---- Records supplied

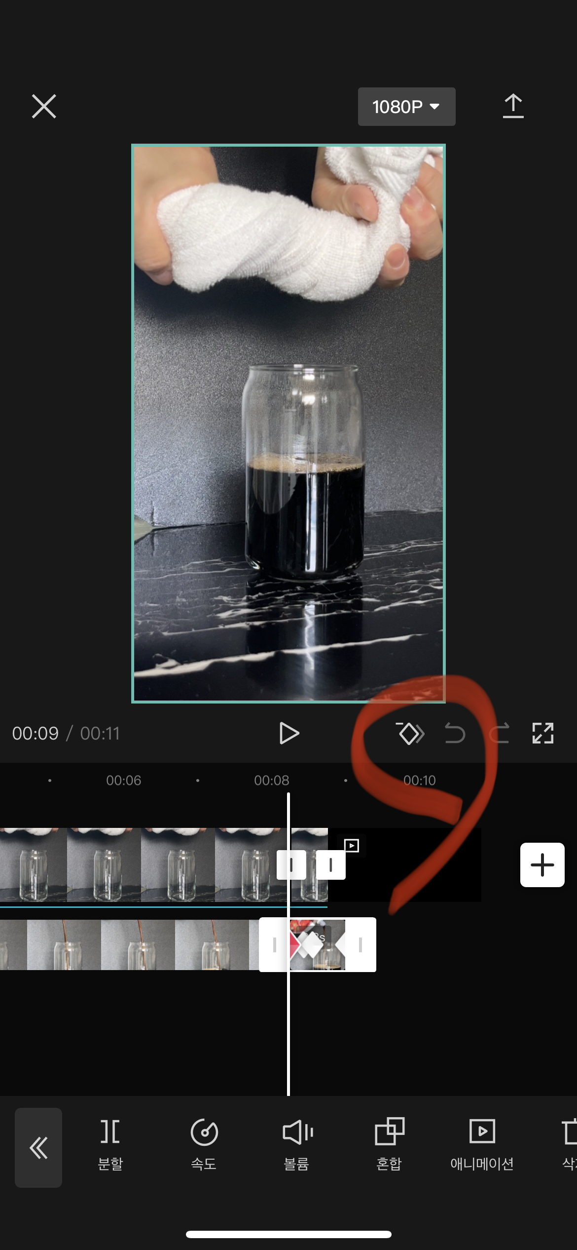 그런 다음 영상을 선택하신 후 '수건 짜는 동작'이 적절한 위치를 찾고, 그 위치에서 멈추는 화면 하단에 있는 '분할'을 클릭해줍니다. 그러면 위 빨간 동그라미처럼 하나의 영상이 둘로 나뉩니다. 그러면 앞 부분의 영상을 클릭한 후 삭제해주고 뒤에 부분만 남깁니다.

--------
---- Records supplied

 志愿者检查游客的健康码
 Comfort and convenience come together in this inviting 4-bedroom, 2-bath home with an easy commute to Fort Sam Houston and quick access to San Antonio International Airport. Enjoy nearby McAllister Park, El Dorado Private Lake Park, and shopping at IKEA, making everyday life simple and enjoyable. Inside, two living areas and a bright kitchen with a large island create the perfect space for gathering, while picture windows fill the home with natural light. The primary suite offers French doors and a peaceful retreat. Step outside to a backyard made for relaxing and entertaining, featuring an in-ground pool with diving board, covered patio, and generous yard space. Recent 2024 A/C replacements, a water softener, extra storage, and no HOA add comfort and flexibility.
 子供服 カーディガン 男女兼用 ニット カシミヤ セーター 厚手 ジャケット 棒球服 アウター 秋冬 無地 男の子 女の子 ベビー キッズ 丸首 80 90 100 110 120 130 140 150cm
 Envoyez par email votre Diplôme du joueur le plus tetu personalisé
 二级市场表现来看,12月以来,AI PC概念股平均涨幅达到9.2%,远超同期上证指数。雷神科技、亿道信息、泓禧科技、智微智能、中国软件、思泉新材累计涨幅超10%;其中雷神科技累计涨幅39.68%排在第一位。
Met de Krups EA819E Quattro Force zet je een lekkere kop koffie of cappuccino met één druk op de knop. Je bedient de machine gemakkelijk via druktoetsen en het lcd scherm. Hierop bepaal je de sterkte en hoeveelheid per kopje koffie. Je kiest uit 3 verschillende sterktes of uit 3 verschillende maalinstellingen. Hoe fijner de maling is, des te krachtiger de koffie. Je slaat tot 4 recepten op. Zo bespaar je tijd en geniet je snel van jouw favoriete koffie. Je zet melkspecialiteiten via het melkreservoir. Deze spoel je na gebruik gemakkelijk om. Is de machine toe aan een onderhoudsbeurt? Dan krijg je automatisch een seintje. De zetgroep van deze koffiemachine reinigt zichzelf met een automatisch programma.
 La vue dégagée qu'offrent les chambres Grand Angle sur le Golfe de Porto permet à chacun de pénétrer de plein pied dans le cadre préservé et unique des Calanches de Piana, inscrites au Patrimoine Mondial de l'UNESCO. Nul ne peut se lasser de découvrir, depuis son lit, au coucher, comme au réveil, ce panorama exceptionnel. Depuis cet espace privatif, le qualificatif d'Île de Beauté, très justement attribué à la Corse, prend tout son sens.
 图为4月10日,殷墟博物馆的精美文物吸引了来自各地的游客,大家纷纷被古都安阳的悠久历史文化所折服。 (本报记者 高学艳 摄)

--------

» **Problem requirements**
Keep both end lines and retype everything in the records above from the line containing "La vue dégagée" through the line containing "图为4月10日,殷墟博物馆的精美文物吸引了来自各地的游客,大家纷纷被古都安阳的悠久历史文化所折服。 (本报记者 高学艳", exactly, with nothing else.

» **Your solution**
 La vue dégagée qu'offrent les chambres Grand Angle sur le Golfe de Porto permet à chacun de pénétrer de plein pied dans le cadre préservé et unique des Calanches de Piana, inscrites au Patrimoine Mondial de l'UNESCO. Nul ne peut se lasser de découvrir, depuis son lit, au coucher, comme au réveil, ce panorama exceptionnel. Depuis cet espace privatif, le qualificatif d'Île de Beauté, très justement attribué à la Corse, prend tout son sens.
 图为4月10日,殷墟博物馆的精美文物吸引了来自各地的游客,大家纷纷被古都安阳的悠久历史文化所折服。 (本报记者 高学艳 摄)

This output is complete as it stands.